We’ve all seen stocks that seem to move in sync, but how do you know if that relationship is built to last? Simple correlation can be a mirage, leading you into ‘Value Traps’ and failed pairs trades. In this blog, we explore Cointegration and Granger Causality the two statistical powerhouses that reveal which stocks are permanently ‘leashed’ together and which one is truly leading the dance. Stop trading on vibes and start trading on verified relationships.
Introduction
In a past post, we explored how Prewhitening helps us find “pure” signals between stocks. But as any seasoned investor knows, seeing two stocks move together today doesn’t mean they will stay together tomorrow.

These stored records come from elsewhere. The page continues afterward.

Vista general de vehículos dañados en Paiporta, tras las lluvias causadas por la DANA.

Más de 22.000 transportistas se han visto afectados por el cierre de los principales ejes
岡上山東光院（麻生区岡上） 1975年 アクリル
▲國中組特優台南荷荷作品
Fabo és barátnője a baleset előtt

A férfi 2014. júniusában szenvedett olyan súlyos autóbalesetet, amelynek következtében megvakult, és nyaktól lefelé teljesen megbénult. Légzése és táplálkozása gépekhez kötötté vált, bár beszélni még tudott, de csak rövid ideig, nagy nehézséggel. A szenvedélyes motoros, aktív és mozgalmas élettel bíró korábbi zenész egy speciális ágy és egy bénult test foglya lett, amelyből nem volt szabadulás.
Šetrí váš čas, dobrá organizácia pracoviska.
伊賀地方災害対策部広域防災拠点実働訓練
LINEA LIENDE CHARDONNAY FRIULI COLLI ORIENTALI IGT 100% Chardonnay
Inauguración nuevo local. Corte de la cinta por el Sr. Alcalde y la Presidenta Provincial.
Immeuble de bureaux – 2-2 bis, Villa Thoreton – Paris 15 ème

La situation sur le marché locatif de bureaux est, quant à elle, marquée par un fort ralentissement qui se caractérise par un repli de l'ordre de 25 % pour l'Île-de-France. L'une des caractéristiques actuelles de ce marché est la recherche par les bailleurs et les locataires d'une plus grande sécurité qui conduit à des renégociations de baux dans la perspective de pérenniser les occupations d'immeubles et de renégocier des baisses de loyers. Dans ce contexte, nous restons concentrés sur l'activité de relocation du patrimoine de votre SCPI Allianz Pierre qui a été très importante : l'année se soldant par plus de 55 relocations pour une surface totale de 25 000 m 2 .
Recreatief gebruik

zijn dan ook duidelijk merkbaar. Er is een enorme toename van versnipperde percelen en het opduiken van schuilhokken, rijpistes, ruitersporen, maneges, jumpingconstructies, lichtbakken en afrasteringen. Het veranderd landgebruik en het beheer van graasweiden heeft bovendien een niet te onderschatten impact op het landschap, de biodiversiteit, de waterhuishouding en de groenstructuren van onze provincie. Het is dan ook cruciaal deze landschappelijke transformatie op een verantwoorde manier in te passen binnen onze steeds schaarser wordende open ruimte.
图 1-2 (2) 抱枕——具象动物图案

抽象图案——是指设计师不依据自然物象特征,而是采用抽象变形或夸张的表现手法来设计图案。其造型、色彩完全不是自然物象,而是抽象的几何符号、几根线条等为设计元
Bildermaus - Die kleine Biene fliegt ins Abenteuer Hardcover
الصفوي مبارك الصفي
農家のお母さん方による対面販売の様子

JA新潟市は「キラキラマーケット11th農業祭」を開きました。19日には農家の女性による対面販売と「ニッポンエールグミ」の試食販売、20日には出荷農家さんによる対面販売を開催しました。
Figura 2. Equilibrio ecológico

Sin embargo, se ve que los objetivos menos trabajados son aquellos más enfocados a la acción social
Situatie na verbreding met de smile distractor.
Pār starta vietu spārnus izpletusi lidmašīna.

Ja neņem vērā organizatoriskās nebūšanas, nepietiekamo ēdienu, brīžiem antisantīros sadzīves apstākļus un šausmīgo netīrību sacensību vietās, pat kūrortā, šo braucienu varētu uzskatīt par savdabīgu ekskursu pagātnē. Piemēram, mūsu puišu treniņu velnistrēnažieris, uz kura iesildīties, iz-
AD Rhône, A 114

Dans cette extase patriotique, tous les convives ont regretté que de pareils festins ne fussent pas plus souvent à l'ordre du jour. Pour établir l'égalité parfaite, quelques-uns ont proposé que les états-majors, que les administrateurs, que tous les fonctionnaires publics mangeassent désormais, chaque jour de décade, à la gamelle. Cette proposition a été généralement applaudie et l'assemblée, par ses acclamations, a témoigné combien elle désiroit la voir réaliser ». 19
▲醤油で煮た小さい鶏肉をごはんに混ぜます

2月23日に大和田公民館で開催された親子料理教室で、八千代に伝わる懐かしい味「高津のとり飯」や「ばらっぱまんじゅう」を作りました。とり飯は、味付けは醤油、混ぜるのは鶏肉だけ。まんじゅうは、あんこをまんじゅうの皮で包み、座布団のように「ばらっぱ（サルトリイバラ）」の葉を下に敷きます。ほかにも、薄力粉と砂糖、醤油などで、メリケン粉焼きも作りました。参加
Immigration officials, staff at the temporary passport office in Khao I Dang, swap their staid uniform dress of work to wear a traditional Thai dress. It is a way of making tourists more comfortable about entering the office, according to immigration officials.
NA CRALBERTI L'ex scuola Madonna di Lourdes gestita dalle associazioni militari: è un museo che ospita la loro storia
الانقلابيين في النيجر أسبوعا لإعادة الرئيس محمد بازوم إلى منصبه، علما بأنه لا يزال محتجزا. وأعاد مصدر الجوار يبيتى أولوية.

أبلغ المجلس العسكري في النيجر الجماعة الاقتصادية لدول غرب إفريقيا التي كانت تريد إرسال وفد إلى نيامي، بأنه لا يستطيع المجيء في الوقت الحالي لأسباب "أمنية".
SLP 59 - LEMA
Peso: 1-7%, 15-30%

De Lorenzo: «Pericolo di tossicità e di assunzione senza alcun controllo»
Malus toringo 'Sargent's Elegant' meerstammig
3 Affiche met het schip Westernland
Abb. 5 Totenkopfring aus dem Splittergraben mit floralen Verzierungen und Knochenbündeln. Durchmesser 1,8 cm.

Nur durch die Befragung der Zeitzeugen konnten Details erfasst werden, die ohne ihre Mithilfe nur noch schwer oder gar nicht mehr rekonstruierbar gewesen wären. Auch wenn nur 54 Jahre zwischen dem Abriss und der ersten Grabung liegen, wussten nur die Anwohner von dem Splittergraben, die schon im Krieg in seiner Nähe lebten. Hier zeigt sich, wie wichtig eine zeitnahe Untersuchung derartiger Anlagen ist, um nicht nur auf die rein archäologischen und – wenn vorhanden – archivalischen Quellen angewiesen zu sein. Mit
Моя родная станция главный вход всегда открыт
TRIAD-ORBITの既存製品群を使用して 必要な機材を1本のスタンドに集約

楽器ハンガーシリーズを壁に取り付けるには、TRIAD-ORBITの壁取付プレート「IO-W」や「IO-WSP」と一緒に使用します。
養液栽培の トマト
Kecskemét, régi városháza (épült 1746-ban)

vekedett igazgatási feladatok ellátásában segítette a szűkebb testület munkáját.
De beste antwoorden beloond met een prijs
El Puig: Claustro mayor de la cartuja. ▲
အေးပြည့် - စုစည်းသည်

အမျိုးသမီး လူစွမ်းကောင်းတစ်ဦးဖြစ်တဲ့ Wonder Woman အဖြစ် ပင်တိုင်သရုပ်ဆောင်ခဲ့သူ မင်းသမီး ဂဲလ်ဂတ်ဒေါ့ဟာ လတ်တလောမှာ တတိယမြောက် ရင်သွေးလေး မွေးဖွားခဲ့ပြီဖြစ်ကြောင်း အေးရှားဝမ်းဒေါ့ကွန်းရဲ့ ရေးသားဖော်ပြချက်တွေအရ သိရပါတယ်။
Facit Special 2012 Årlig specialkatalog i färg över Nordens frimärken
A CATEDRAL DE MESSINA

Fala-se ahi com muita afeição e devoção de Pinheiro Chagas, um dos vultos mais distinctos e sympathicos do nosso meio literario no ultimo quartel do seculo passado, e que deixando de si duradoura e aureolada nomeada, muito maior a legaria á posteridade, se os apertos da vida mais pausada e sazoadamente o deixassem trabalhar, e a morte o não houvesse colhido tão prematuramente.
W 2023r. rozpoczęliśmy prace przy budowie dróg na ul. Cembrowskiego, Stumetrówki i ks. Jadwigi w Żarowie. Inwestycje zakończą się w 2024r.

If you want to build a truly robust trading strategy especially for Pairs Trading, you need to move past simple correlation and look at the “Big Two” of time-series relationships: Cointegration and Granger Causality.
Cointegration: The “Drunken Walker” Metaphor
Standard correlation measures if two stocks move in the same direction. Cointegration measures if the distance between them remains stable over time.
Imagine a drunk person walking a dog on a retractable leash.
- The person wanders randomly.
- The dog wanders randomly.
- Individually, they are unpredictable.
However, because of the leash, they can never drift too far apart. If the dog runs too far ahead, the leash pulls it back. In finance, this “leash” is Cointegration. It tells us that even if AAPL and MSFT wander around, they are bound by an economic reality that forces them back together.
Why it matters: If two stocks are cointegrated and they suddenly drift apart, you can bet that they will eventually move back toward each other. This is the foundation of Mean Reversion trading.
Granger Causality: Who is the Real Boss?
We often talk about “Leaders” and “Followers.” Granger Causality is the statistical test that settles the argument.
It doesn’t prove that Stock A causes Stock B in a physical sense. Instead, it asks: “Does knowing the past values of Stock A help me predict the future of Stock B better than just looking at the past of Stock B alone?”
- If yes: Stock A “Granger-causes” Stock B.
- If no: The relationship might just be a coincidence or driven by a third factor.
When to use it?
Cointegration
- Question: Do these two stay together over the long term?
- The Goal: Pairs Trading: Buy the laggard, sell the leader when they drift.
Granger Causality
- Question: Does one stock’s history provide a “cheat code” for the other’s future?
- The Goal: Predictive Modeling: Identifying which “Leader” to watch.
Code Example
import numpy as np
import pandas as pd
import yfinance as yf
from statsmodels.tsa.stattools import coint, grangercausalitytests
# Download Price Data
tickers = ["AAPL", "MSFT"]
df = yf.download(tickers, start="2018-01-01", end=None, auto_adjust=True)["Close"]
# COINTEGRATION (Use Raw Prices)
# Goal: Is there a long-term 'leash' between these two?
score, p_value_coint, _ = coint(df['AAPL'], df['MSFT'])
print(f"--- Cointegration Results ---")
print(f"P-Value: {p_value_coint:.4f}")
if p_value_coint < 0.05:
print("Result: Stocks are COINTEGRATED (The 'Leash' is strong).")
else:
print("Result: No Cointegration found.\n")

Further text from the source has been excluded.